Sunday, December 14, 2014

DB's Song of the Day (day 348): "SWEETNESS FOLLOWS" (1992) R.E.M.

Today is the 18th anniversary of my father’s death, and the song for today, rather than being one that directly recalls him to me in some way, is one that was still fairly recent when his passing occurred. It was 1996, the year of R.E.M.’s great album New Adventures in Hi Fi, but the run of good albums that release topped off began with 1992’s Automatic for the People. But today’s song, from that album, wasn’t chosen simply because it was timely, but because it comments on family, and loss within the family, and also on “the sides” that develop in families. The song to me then—I was 37—felt full of the tug toward one’s family and the tug away. And I cite the song today as a way of attesting to the fact of dad’s death as the big landmark event in changing how we all thought of family, here in the pre-Christmas vagaries. When the patriarch goes, things change.

Readying to bury your father and your mother
What did you think when you lost another?
I used to wonder, Why did you bother,
Distanced from one, blind to the other.

Listen here, my sister and my brother,
What would you care if you lost the other?
I always wonder, Why did we bother,
Distanced from one, deaf to the other.

These first two verses sound to me like a son and brother taking stock of family ties. The “you” can be himself, wondering why he bothered with his father and his mother, or he could be a commentator on someone else’s familial relations. Either way, the loss of the parents opens the question: “what did you think”—how did it affect your life? The next two lines suggest someone not very close to either parent, “distanced from one, blind to the other.” If so, there’s a sense of regret—steely regret, maybe, but regret. The death of the parents closes off any further attempt to know them or to let them know “you.” But at the same time, there’s that recurring word “bother.” Why bother? What result do you hope for? Or, does it bother you that you are distanced from your progenitors?

Then comes the siblings, and they’re asked if they’d care if they lost each other. Here the distance and deafness suggests a brother and sister that don’t get along, that tend to make their own demands and ignore the other. We might imagine our speaker as someone caught between them. “Why did we bother” to act as though this were a functioning family or, as Lou Reed says in his song “Families”: “there’s nothing that we have in common except the name.”

The title line “sweetness follows” seems to suggest that, after this harsh look at how things stand, there will be some “sweetness,” some shared value or even a laugh to get over this darkness, or maybe it’s just indifference, but, in any case, it's about resentment within a family, it seems to me. A brave song, in that regard, since one doesn’t usually like to say that one is strangely unaffected by the loss of other people or by the fact that one has no connection to them.

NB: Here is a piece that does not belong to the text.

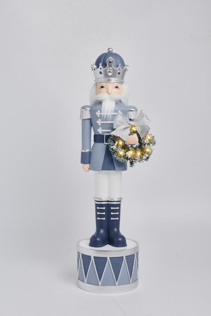 XR13369 RESIN NUTCRACKER w/WR\TH/LED ON DRUM,23.5"

The “sweetness,” I suppose is the “joy and wonder” or “joy and thunder” that the song references, noting that there is a way to live life so that others aren’t excluded or ignored, so that, as they say, “everybody’s happy.” It may be hard to imagine what that would be like, depending on how dysfunctional your family relations are, but it should be imaginable, at least, if not actual or practical. I could say more about that, on a personal level, but let’s stick to the song, shall we?

I like what I hear as ambiguity in the final line: “Yeah, yeah, we were all together, / Lost in our little lives” (the way I always heard the words) or (as the internet gives it): “Yeah, yeah, we were altogether / Lost in our little lives.”  So, English majors, what’s the difference?

“We were all together, lost in our little lives” says that all these family members are “together” and suggests that being “lost in [their] little lives” is a shared quality. In other words, it could be a vision of the insularity of family. Sure, when we get together we tear each other up a bit and there may be this or that odd man out, but we’re all in it together, these little lives we share. The other version says we were “altogether lost in our little lives” as in not seeing the forest for the trees, as in “entirely lost.” We’re shut out of this familial vision—of figuring out why did we bother—because we are “altogether lost,” which would seem to make the distance and the blindness and the deafness the prevailing situation.

Because of how Stipe says “all to gether” I’ve always heard is as “all together,” they way people are at a funeral, for instance. All sharing in the loss, at some level. But, no matter how much shared or not, they’re still “altogether lost” in their own little lives, true.